In the book, the author specifically speaks about the impact of fast food chains on the people of United States. The statistics presented by the author, approximately one-third of the adult population of the United States visits a fast food restaurant daily and on a weekly basis a typical American is said to be consuming three hamburgers and four French fry orders. The reason behind presenting the above statistics in this paper is to discuss the affects of consuming fast food on the human body. Despite the frequency of eating fast foods, the very immediate affect that it could have on an individual's health is sickness. This is evident from the fact that the author has presented in the book which states that approximately 2,000,000 people of the United States fall sick due to diseases caused by food they consume and almost 900 people are hospitalized on a daily basis. Though the reasons behind the diseases are many, one main cause may be stated as the way the food is produced.

After this, the author starts giving information about the evolution of slaughter houses, the working conditions there etc. According to the book and the author's arguments, there are a very few fast food restaurants which give value to their manpower and pay them good wages. Two good examples of such fair fast food restaurants are Conway's Red Top and In-N-Out. Both these restaurants have their own style of becoming known in the fast food industry. Though these two restaurants are not as popular as McDonalds and Burger King, they serve high quality food and deliver better value and customer service.

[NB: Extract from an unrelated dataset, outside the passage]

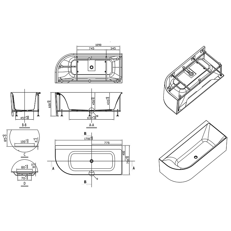Размеры (ДхШхВ): 1700x750x600 мм

Today, the meat production in the United States of America has become very centralized due to the decrease in the small farmers which in turn has reduced the number of producers of meat. The toxins in the meat production plant are the root cause for the widespread of diseases. "A nationwide study published by the USDA in 1996 found that 7.5 percent of the ground beef samples taken at processing plants were contaminated with Salmonella, 11.7 percent with Listeria monocytogenes, 30 percent with Staphylococcus aureus, and 53.3 percent with Clostridium perfringens. All of these pathogens can make people sick (Teh World Traveller) (Michael Shugrue) (Sinclair)."

The book takes the readers' through a journey which explains about today's shocking and extremely corrupt fast food industry. The various truths and happenings in the industry which were gathered through personal interviews, investigations etc were presented in order to reveal what exactly happens behind the scenes of the fast food chains. One example is the reality of brutal treatment of workers and abuse of the same workers at the meat packing plants. Many female workers in the meat making plants are sexually harassed not only by co-workers but also by superiors. This clearly states how dangerous the industry for female employment is.

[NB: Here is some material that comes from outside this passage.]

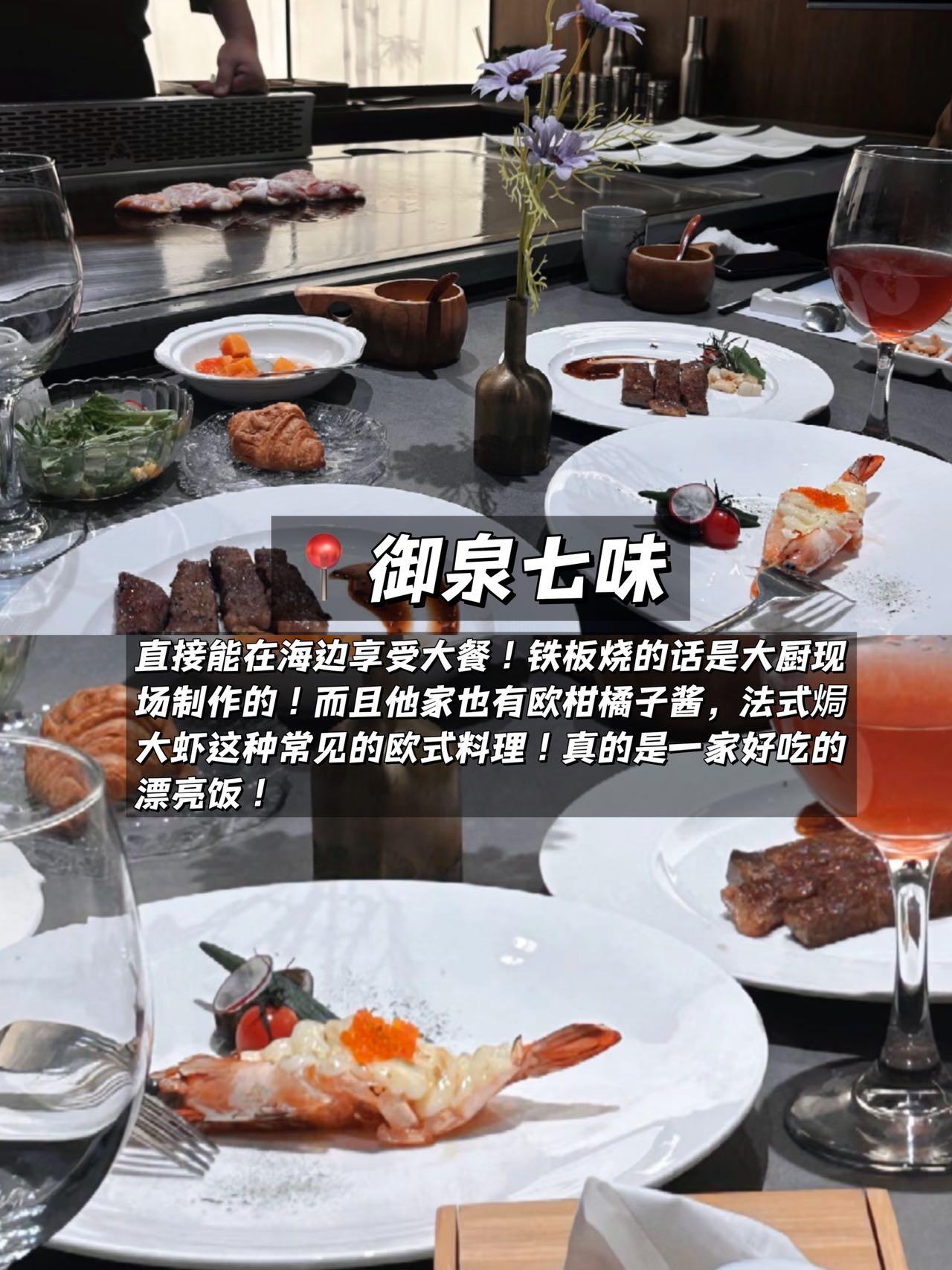 直接能在海边享受大餐!铁板烧的话是大厨现场制作的!而且他家也有欧柑橘子酱,法式焗大虾这种常见的欧式料理!真的是一家好吃的漂亮饭

A well-known fact is that the target audiences of the fast food industry are none other than children. The kids are easily influenced by the eye-catching, heavy and attractive advertisements along with the interesting promotional techniques which the fast food chains use. Market statistics reveal that children are more inclined towards a brand name or logo than on their own name.

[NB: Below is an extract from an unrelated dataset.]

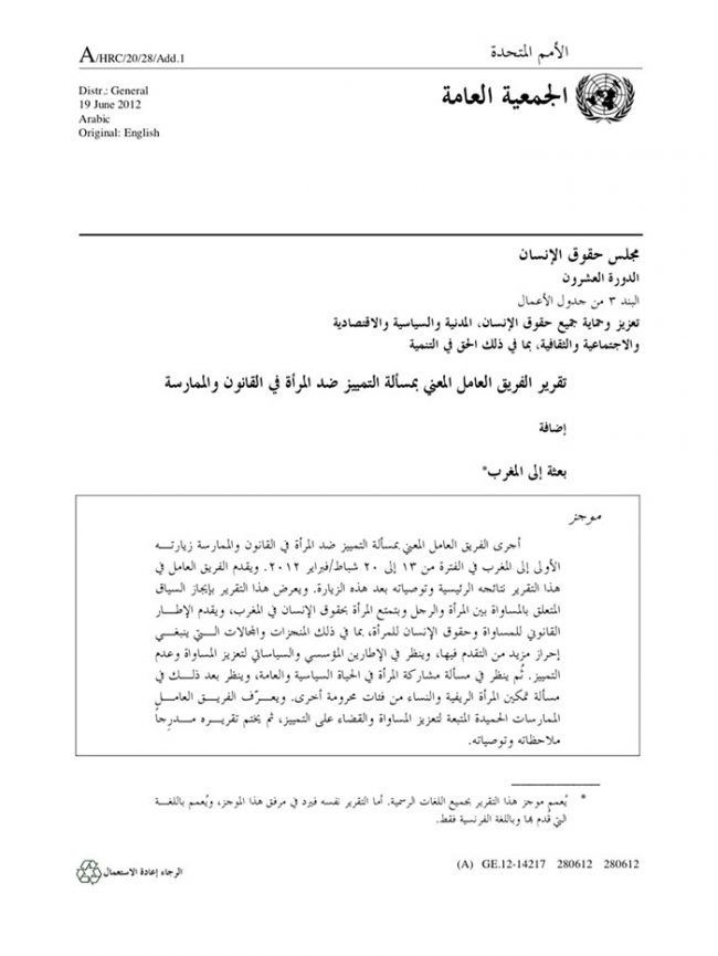 أجرى الفريق العامل المعني بمسألة التمييز ضد المرأة في القانون والممارسة زيارتـه الأولى إلى المغرب في الفترة من ١٣ إلى ٢٠ شباط/فبراير ٢٠١٢. ويقدم الفريق العامل في هذا التقرير نتائجه الرئيسية وتوصياته بعد هذه الزيارة. ويعرض هذا التقرير بإيجاز السياق المتعلق بالمساواة بين المرأة والرجل وبتمتع المرأة بحقوق الإنسان في المغرب، ويقدم الإطـار القانوني للمساواة…

As already stated, many people today have become more inclined towards fast food not only because of the ease and convenience but also because of the taste of the food. Now the question that arises here is, the reasons for fast foods being so tasty. The author of the book has also explored this angle and has presented the tricks and techniques used by the fast food industry players to make the food extremely tasty.

Basically, the aroma of the food is solely responsible for the flavor of the food. In order for the foods to be aromatic, it is not necessary that they need to be truly naturally. Today's scientific advancements have led to the creation of various chemicals which help to secure the aroma of foods artificially too. This can be understood from the following facts which the author has quoted in the book - "Adding methyl-2-peridylketone makes something taste like popcorn. Adding ethyl-3-hydroxybutanoate makes it taste like marshmallow. The possibilities are now almost limitless."